PROBLEM DETAILS
Word for word, please copy the line containing "BCG报告的结论非常直白: 财险行业的AI窗口期正在关闭。" and all lines after it in the entries below, and only those, leaving every picture out.

Data records:
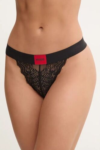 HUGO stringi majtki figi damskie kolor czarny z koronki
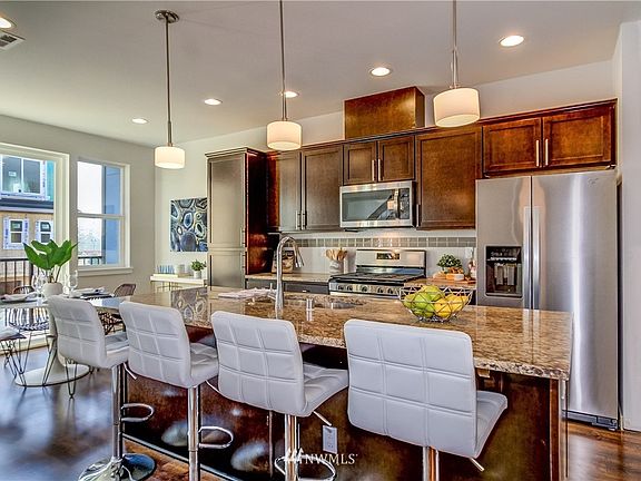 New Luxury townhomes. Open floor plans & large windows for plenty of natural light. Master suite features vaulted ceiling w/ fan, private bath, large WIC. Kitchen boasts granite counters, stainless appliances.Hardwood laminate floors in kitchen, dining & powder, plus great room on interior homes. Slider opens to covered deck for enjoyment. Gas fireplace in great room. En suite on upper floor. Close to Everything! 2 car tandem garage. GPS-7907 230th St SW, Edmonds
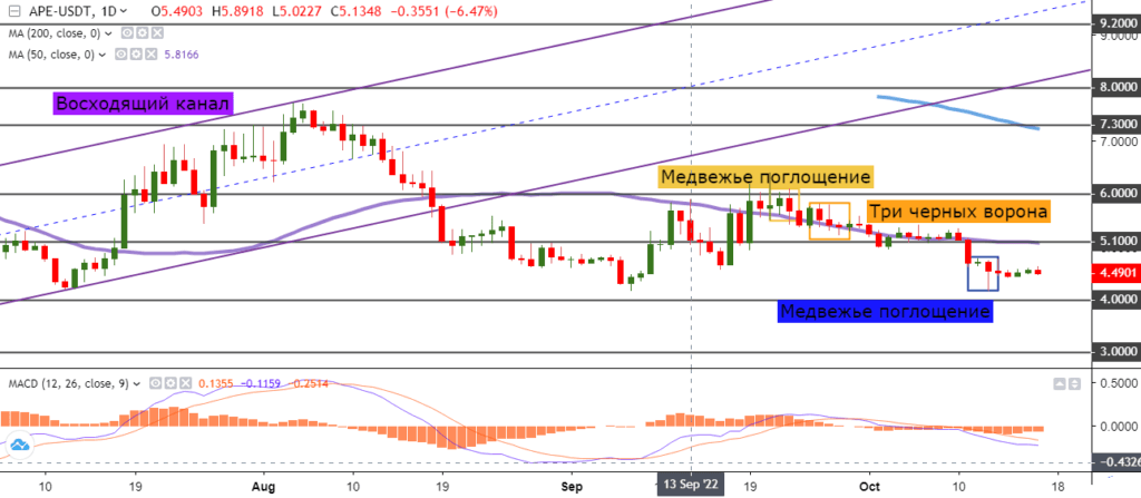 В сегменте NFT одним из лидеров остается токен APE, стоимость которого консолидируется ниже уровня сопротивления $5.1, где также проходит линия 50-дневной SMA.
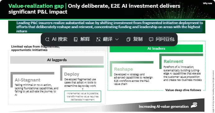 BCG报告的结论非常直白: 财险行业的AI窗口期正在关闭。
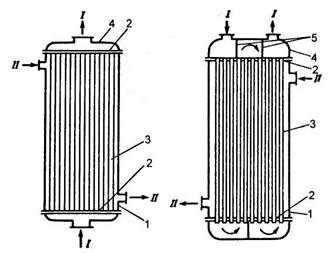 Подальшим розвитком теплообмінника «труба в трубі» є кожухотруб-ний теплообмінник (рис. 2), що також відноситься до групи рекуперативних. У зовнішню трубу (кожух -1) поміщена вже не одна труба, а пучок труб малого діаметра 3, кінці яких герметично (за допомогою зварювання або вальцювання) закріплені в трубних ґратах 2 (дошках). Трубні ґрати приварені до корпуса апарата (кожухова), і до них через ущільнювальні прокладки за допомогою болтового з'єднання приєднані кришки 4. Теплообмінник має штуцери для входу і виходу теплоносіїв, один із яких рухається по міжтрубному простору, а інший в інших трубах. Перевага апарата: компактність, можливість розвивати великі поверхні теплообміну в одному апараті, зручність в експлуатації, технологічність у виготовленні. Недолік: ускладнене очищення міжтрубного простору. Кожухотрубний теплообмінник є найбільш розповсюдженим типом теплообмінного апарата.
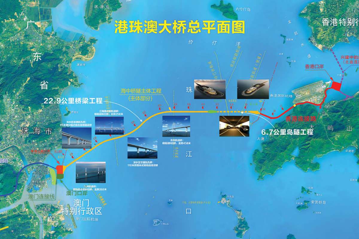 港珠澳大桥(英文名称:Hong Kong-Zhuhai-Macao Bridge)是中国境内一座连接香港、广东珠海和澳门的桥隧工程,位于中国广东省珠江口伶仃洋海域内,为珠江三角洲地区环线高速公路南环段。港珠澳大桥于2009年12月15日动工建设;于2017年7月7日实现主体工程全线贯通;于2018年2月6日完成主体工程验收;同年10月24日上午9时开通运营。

ANSWER TO THIS EXERCISE
 BCG报告的结论非常直白: 财险行业的AI窗口期正在关闭。
 Подальшим розвитком теплообмінника «труба в трубі» є кожухотруб-ний теплообмінник (рис. 2), що також відноситься до групи рекуперативних. У зовнішню трубу (кожух -1) поміщена вже не одна труба, а пучок труб малого діаметра 3, кінці яких герметично (за допомогою зварювання або вальцювання) закріплені в трубних ґратах 2 (дошках). Трубні ґрати приварені до корпуса апарата (кожухова), і до них через ущільнювальні прокладки за допомогою болтового з'єднання приєднані кришки 4. Теплообмінник має штуцери для входу і виходу теплоносіїв, один із яких рухається по міжтрубному простору, а інший в інших трубах. Перевага апарата: компактність, можливість розвивати великі поверхні теплообміну в одному апараті, зручність в експлуатації, технологічність у виготовленні. Недолік: ускладнене очищення міжтрубного простору. Кожухотрубний теплообмінник є найбільш розповсюдженим типом теплообмінного апарата.
 港珠澳大桥(英文名称:Hong Kong-Zhuhai-Macao Bridge)是中国境内一座连接香港、广东珠海和澳门的桥隧工程,位于中国广东省珠江口伶仃洋海域内,为珠江三角洲地区环线高速公路南环段。港珠澳大桥于2009年12月15日动工建设;于2017年7月7日实现主体工程全线贯通;于2018年2月6日完成主体工程验收;同年10月24日上午9时开通运营。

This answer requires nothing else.